Extracted records START

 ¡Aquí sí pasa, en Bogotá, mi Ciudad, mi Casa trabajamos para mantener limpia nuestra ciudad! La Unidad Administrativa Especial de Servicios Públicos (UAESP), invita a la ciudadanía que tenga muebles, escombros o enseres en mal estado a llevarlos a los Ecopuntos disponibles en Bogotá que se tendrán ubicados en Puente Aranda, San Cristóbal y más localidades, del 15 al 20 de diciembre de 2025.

Extracted records END
Extracted records START

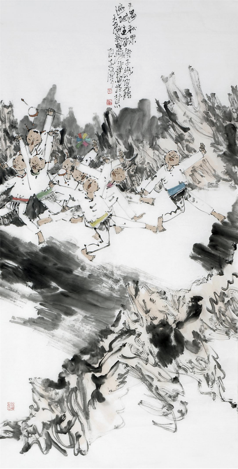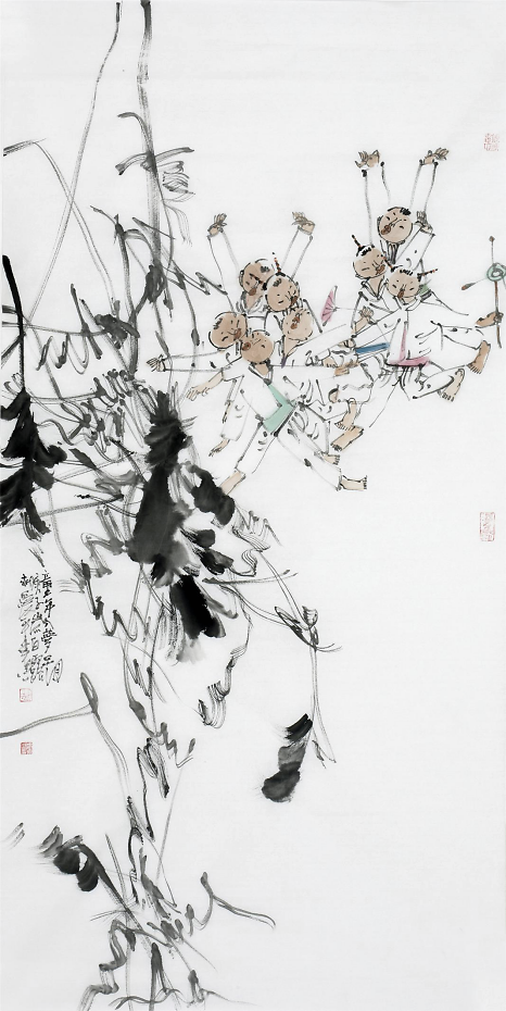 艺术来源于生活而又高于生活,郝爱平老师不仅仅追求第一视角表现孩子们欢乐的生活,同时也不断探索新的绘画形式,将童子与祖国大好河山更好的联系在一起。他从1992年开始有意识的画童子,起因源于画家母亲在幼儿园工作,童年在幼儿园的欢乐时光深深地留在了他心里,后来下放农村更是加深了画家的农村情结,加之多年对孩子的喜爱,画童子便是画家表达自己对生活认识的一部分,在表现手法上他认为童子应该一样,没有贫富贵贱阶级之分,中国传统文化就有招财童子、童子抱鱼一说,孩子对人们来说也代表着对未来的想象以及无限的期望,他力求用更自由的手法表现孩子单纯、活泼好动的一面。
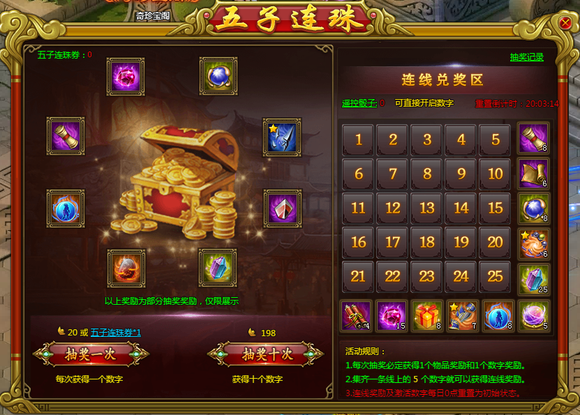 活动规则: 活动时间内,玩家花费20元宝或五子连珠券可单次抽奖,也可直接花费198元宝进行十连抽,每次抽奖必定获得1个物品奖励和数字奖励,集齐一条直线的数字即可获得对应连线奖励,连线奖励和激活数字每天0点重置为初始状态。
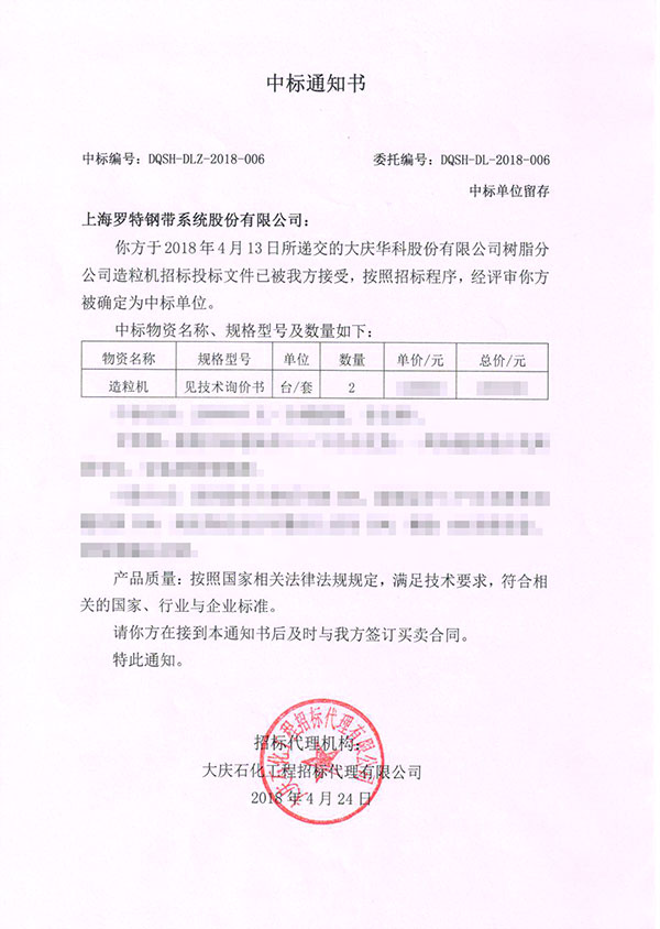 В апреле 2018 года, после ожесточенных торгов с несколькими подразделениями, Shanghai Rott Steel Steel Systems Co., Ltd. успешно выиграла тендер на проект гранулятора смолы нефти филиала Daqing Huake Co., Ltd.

Extracted records END

What needs to be done:
Once the line with "活动规则: 活动时间内,玩家" has been found above, output that line and every later line exactly, stopping after the line with "В апреле 2018", and omit the pictures.

Response to this task:
 活动规则: 活动时间内,玩家花费20元宝或五子连珠券可单次抽奖,也可直接花费198元宝进行十连抽,每次抽奖必定获得1个物品奖励和数字奖励,集齐一条直线的数字即可获得对应连线奖励,连线奖励和激活数字每天0点重置为初始状态。
 В апреле 2018 года, после ожесточенных торгов с несколькими подразделениями, Shanghai Rott Steel Steel Systems Co., Ltd. успешно выиграла тендер на проект гранулятора смолы нефти филиала Daqing Huake Co., Ltd.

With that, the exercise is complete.